Let $X,Y$ be Hausdorff and $f,g : X \to Y$ continuous. Let $A \subset X$ be dense and suppose that $f\mid_A = g\mid_A$. Show that $f=g$.

Let $X,Y$ be Hausdorff and $f,g : X \to Y$ continuous. Let $A \subset X$ be dense and suppose that $f\mid_A = g\mid_A$. Show that $f=g$.

Suppose the contrary that $f \ne g$. This implies that there exists $x \in X$ such that $f(x)\ne g(x)$. As $Y$ is Hausdorff we can consider neighborhoods $U_{f(x)}$ and $U_{g(x)}$ for which we have that $U_{f(x)} \cap U_{g(x)} = \emptyset$. Now $$f^{-1}(U_{f(x)} \cap U_{g(x)})=f^{-1}(U_{f(x)}) \cap f^{-1}(U_{g(x)})=\emptyset$$ but this is a contradiction since both of them contain at least $x$?

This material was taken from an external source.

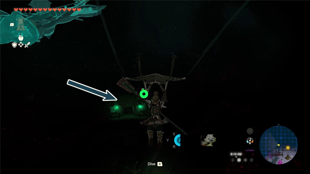 Glide down from the ruins and run up the skeleton leading to the lightroot in the north. Activate Uisihcoj Lightroot to immediately gain a bunch more visibility in the area. From here, head northeast, part the gloom-covered Aerocuda, Bokoblins, and Little Frox, so you can jump off the broken bridges into this cavern.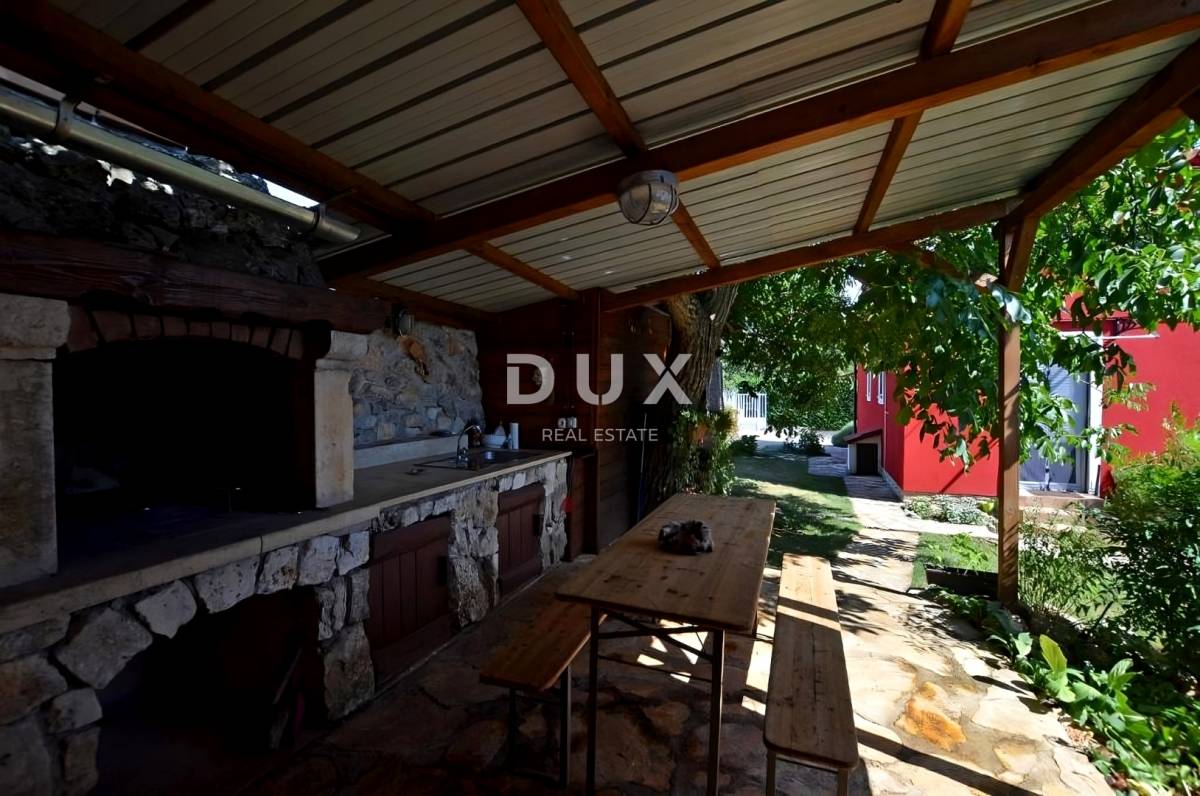 Uz kuću se na ograđenoj i uređenoj okućnici nalazi bazen sa sunčalištem i natkrivena ljetna kuhinja s otvorenim kaminom.

I'm not sure if the proof is correct since I'm not using the density of $A$ at all. Isn't it true that $x \in f^{-1}(U_{f(x)}) \cap f^{-1}(U_{g(x)})$?

Solution 1:

Why would $f^{-1}[U_{g(x)}]$ contain $x$?

Without density of $A$, the claim is obviously false. For example, consider $A=\emptyset$.

Notice that the density of $A$ means that there is a net in $A$ convergent to $x$.

(You also only need $Y$ to be Hausdorff, $X$ can be arbitrary, as far as I can tell.)

Solution 2:

Consider $f^{-1}[U_{f(x)}] \cap g^{-1}[U_{g(x)}]$ which is open in $X$ by continuity of $f$ and $g$, and non-empty as $x$ is in it.

So it intersects the dense set $A$ in some $a$. For $a\in A$ we know $f(a)=g(a)$ and $f(a) \in U_{f(x)}$ and $g(a) \in U_{g(x)}$ which together contradicts the disjointness of the chosen neighbourhoods in $Y$. $X$ being Hausdorff is superfluous.